Melbourne, Australia Housing Price Prediction
- Reason For Our Project
- Data Source
- Technologies
- Approach
- Flowchart
- Extract, Transform, Load
- Exploratory Data Analysis
- Regression Model Results
- Best model
- The Website
- Going Forward
- Contributors
For the average consumer, finding appropriate housing within a set budget can be a daunting task. Predicting housing prices are expected to help people who plan to buy a house so they can know the price range in the future and be able to plan their finances. Housing price predictions are also beneficial for property investors to know the trend of housing prices in a certain location.
This is a house prices dataset for Melbourne, Australia from September 2017 to September 2019. This data was scraped from publicly available results posted every week from Domain.com.au.
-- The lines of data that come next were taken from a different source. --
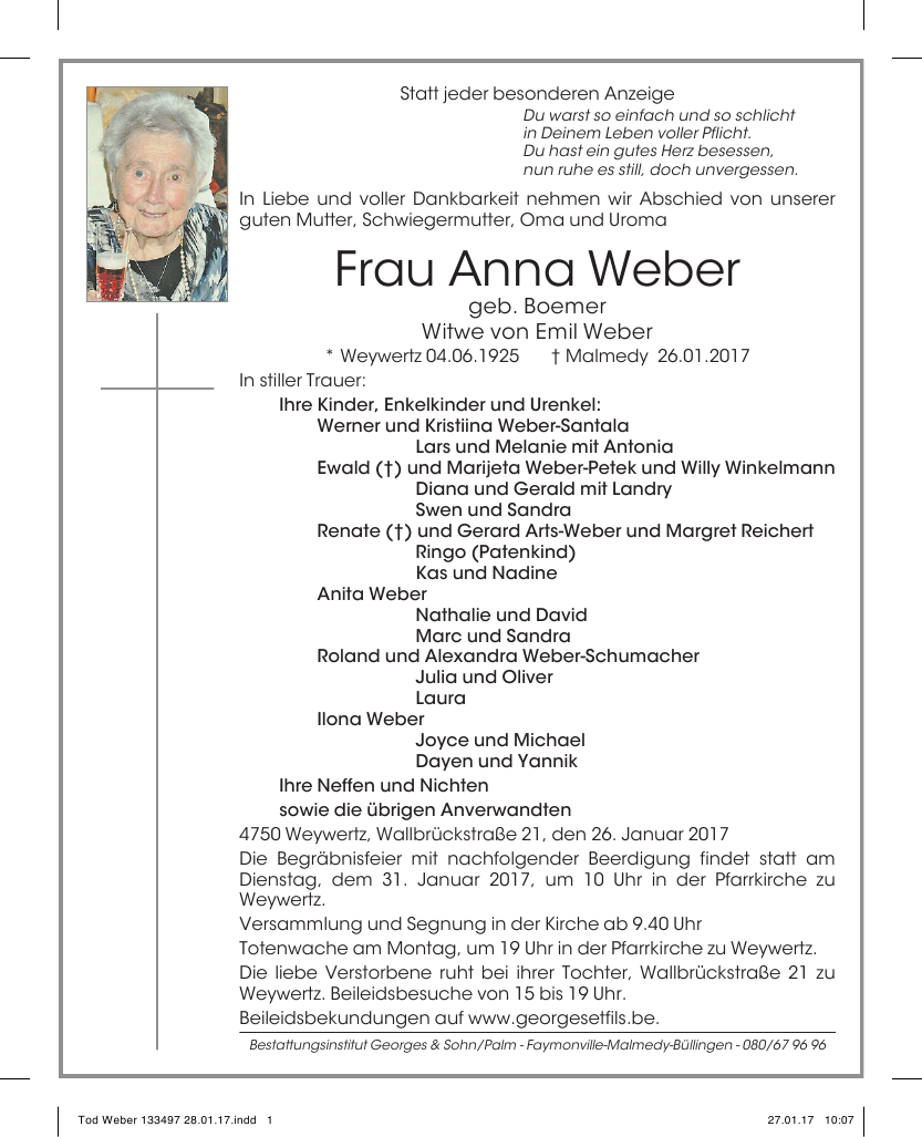 Décédée à Malmedy (4960) le jeudi 26 janvier 2017 à l'âge de 91 ans
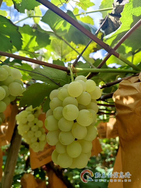 走進海星村沙子灣張玉平家,晶瑩剔透的“水晶葡萄”與紫紅飽滿的“紅玫瑰”交相輝映,繪就了一幅鄉村振興的甜蜜圖景。他家種葡萄已有30余年,從父輩年輕時開始種植,葡萄種植技術現傳承到了他這,現在10余畝果園畝產穩控在2000斤左右。如今線上微信售賣、線下擺攤兩頭忙,每天天不亮就摘滿筐,拉到凱里市區叫賣,一天能銷300斤左右。
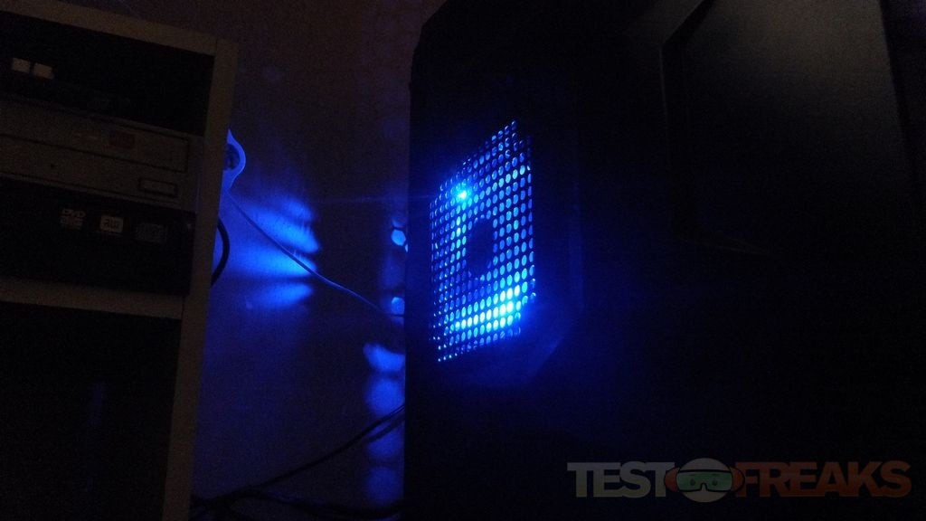 Next up was getting my system in the case which I started with the motherboard of course. The stand-offs went into the tray easily, which is nice as with some cases you’ve got to struggle to get them in because of extra paint in the holes. I did have an issue getting the motherboard fastened to the tray as they didn’t line up perfectly. I had to put the screws in part way and push and pull the motherboard up and down and back and forth to get all of the screws in place. The top two screws near the CPU cooler where the hardest as they’re not much room once the cooler in installed. Installing the cooler after the motherboard is in place will alleviate that problem though with the space limitation at the top of the case. There’s one more thing I should note about the installation process. When I was trying to put the motherboard I/O plate cover in the case it was really hard to get in as the metal seems rather thin and flexible at the back of the case. It didn’t just pop in like other cases, I had to fight with it for several minutes to get it correctly in place as the metal kept flexing making the I/O plate pop back out. It was a frustrating and rather annoying experience. So then I proceeded with the rest of the installation, this is for my kids computer where they mostly play online games and I’m using an ATI Radeon 4890 which is a rather large video card and it fits in the case just fine with space left over. To install the hard drive you need to use the included trays and use the screws to attach them to the trays. Then you just slide it into place and secure it with the clips and then screws on the opposite side. I’m not sure about the clips though as that makes the case only half tool-less. The clips are used on the one side and not the other meaning you use the clip on the left side and then screws on the right. That doesn’t make much sense to me at all. Personally though I prefer using screws for everything as all clip systems seem to not fully secure any drives really. I don’t understand how you’re supposed to fit five hard drives in this case since there are only three trays included and then you can mount one vertically so that’s only four drives total. You cannot remove the bottom tray to use it as a regular tray as the front fan is attached to it as that’s how the fan in mounted in the case. Then if you use one of the trays for a 3.5” device like a card reader or maybe even a floppy drive then you’re down to three hard drives. Unless of course they were supposed to include four trays and only sent me three?! Maybe they’re counting the space at the bottom for a 2.5” SSD or 2.5” HDD as another space for a drive which is possible. So then I guess you can fit five hard drives in there, just not all 3.5” in size. Then again the specs state you can fit five 3.5” devices in the Cyclops case, but you really can’t. If I want to get really picky here, the specs state: The Diablotek CYCLOPS case provides Five spaces for external 5.25” drive bays, and Five spaces for internal 3.5” drive bays. To me that reads there’s ten bays in total, five for each, but there really isn’t as there’s only nine in total which you can see just by counting the bays, there’s only nine of them! Here’s the same picture below I showed you earlier in the review, there are eight clips for the bays and then at the very bottom is another space without a clip for a total of nine. If you go back up and read about the trays there’s only three extras included so you can still only fit four 3.5” drives in total in the case. Either they forgot to include another tray or the specs are wrong?! Mounting the drive vertically where the front fan is though pretty much blocks most of the incoming air, not sure if I like that design or not. If you opt to add another fan/drive combination it’s installed vertically and takes up three bays so it really limits your options. Feasibly it could be fine as toss a 3tb drive in there and you should be good on space so you might not need more drives. I guess it all depends on your storage needs as to the configuration of the drive in the case. Depending how many hard drives you have and how long your video card is you may not be able to put the drive across from the video card. You can see in the picture below how close the power connectors are to the hard drive. I mounted it offset, the hard drive is one bay down from the video card as it was just too tight with the connectors from the video card and hard drive. The right side panel is designed with space to allow you to run cables behind the motherboard tray. The panel has a design that protrudes outwards so you can fit the cables back there which is a great feature I think. There are five fans pre-installed in the case for cooling and I can’t say they’re exactly silent but they’re not overly loud either and five fans should be more than enough to keep your system running cool. The side fan is very bright and the front fan is fairly bright as well. The lighting of this case is rather unique it looks as though it has two red-eyes at the top which doesn’t make much sense to me as the name of the case is the Cyclops?! Here’s the whole front of the case: Then here’s those two ‘red-eyes’ that indicate power essentially. Towards the bottom of the case, where the front fan is located, you’ll find the hard drive activity light. It’s lit blue and then changes to red when activity is detected. The blue glow or light you see through the front bay covers is actually the very bright side fan. Here’s that side fan, yes it’s very bright. The light comes out the side, through the front and out the back as well. Overall I really like the looks of this case, but I think I would have rather had red LEDs for the fans, but that’s just a personal preference. I think red would have just made the case look much better.

The dataset includes address, type of real estate, suburb, method of selling, rooms, price, real estate agent, date of sale, property size, land size, council area and distance from the Central Business District. From the dataset provided, we chose to clean our data to focus on the important features to be used within our machine learning models to determine which would give us the best predicted housing price.
- Jupyter Notebook
- Python
- Numpy
- Pandas
- Seaborn
- Matplotlib
- SciPy
- PostgreSQL/ SQLAlchemy
- Scikit-learn
- Flask
- HTML/CSS
- Heroku
- Identify data source
- Collect and clean Melbourne, Australia housing data
- Normalized target feature for better model results
- Create charts and graphs using Pyplot
- Load data into PostgreSQL
- Transform data to be fitted into models
- Test varying machine learning models and determine best option
- Customize HTML and CSS for final application
- Develope Flask application for model deployment
- Visualize dashboard in Heroku
The data was provided to us in a CSV. We checked to verify the datatypes, dropped any columns we didn't need and renamed some of the columns we kept. We also checked for any null values in the dataset and dropped them. Once our data checked out, we made sure not to have any duplicate data values. From there, we plot a heatmap to determine which features are important to our target feature and drop those we don't need.
After being satisfied with our cleaned data, we proceeded to our data exploration. We used Matplotlib and Seaborn to do visualizations and visualized many different aspects of our data to see how it reads.
We normalized our target feature to get a better outcome on our predictions.
We checked the relationship of price with bedrooms and bathrooms.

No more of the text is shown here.